La memoria y el presente en continuo movimiento, los textos y los contextos, las palabras y las imágenes, los sentidos que parecieran, a veces con la mirada, el olfato, el gusto, el tacto, retornar al tiempo ido y fijarlo nuevamente. Al inhalar y exhalar están presentes ya sin su densidad, todos esos días y noches entre agosto de 1973 y agosto de 1974, le llamó la biología de la imagen; son fractales que se dilatan. Episodios que se vinculan ya no en un orden estrictamente cronológico, saltan, avanzan y retroceden. Como si registráramos una experiencia que de origen tiene componentes múltiples y al paso del tiempo se desgranara en varias dimensiones, la de los sentimientos, la de las emociones, la intelectual, y demás. Tal vez buscando un sentido profundo en nuestra finitud que no se atreve aún a calificar para no quedar atrapados en el propio pensamiento. Desde esta perspectiva la memoria como la lectura, son un ejercicio vital. El pensamiento necesariamente es una cápsula de tiempo y también puede intoxicar.

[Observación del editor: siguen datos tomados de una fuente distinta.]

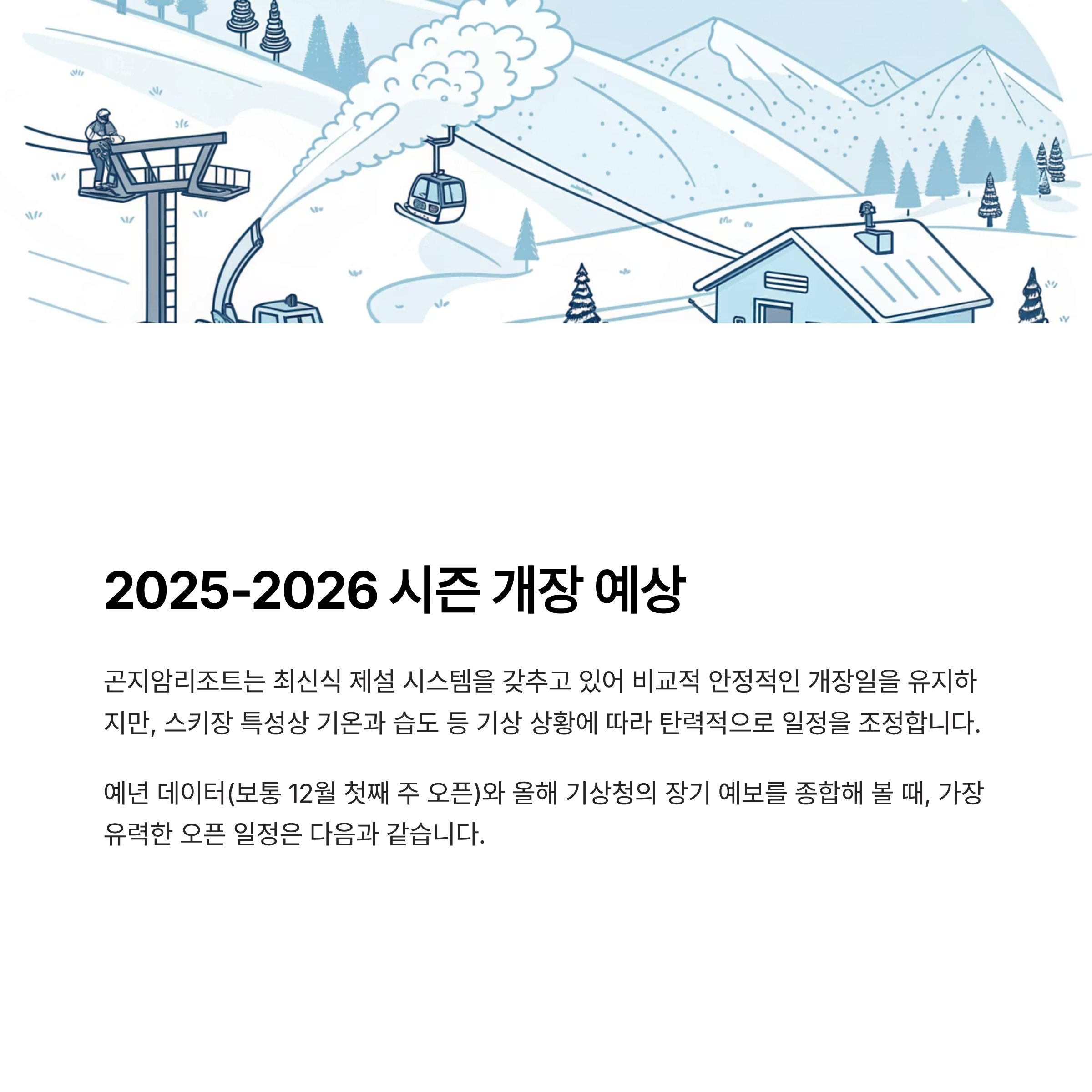 곤지암리조트는 최신식 제설 시스템을 갖추고 있어 비교적 안정적인 개장일을 유지하지만, 스키장 특성상 기온과 습도 등 기상 상황에 따라 탄력적으로 일정을 조정합니다. 예년 데이터(보통 12월 첫째 주 오픈)와 올해 기상청의 장기 예보를 종합해 볼 때, 가장 유력한 오픈 일정은 다음과 같습니다.

Estaba sentado a la sombra de los árboles en las montañas de Hanita a unos cuantos metros de la alambrada que separaba a Israel de Líbano, en silencio divagaba, sólo sintiendo el anochecer, cuando de pronto a unos cincuenta metros oí ruido y vi dos siluetas que se aproximaban, me levanté y fui rápidamente a mi habitación que estaba a unos 20 metros ascendiendo un poco. Abrí la puerta y les dije a Patrick un francés y Neil un inglés, con quienes compartía la recámara, no sin cierta agitación que alguien se había infiltrado, en ese momento detrás de mi aparecieron dos soldados israelitas sumamente molestos. Advirtieron que habíamos roto las reglas de seguridad y que estaba prohibido estar afuera a esas horas. Dijeron que me estuvieron apuntando con sus armas al haberme visto en la distancia y advertir que estaba sentado cubierta mi cara con un pasamontañas (mismo que había comprado semanas atrás en el mercado de Nablus) pensaron que era un guerrillero palestino y estuvieron apunto de disparar, no lo hicieron porque en la medida que se acercaron la postura de mi cuerpo les pareció relajada y no denotaba… quien sabe qué cosa. Lo cierto es que la muerte se apiadó, por decir lo menos.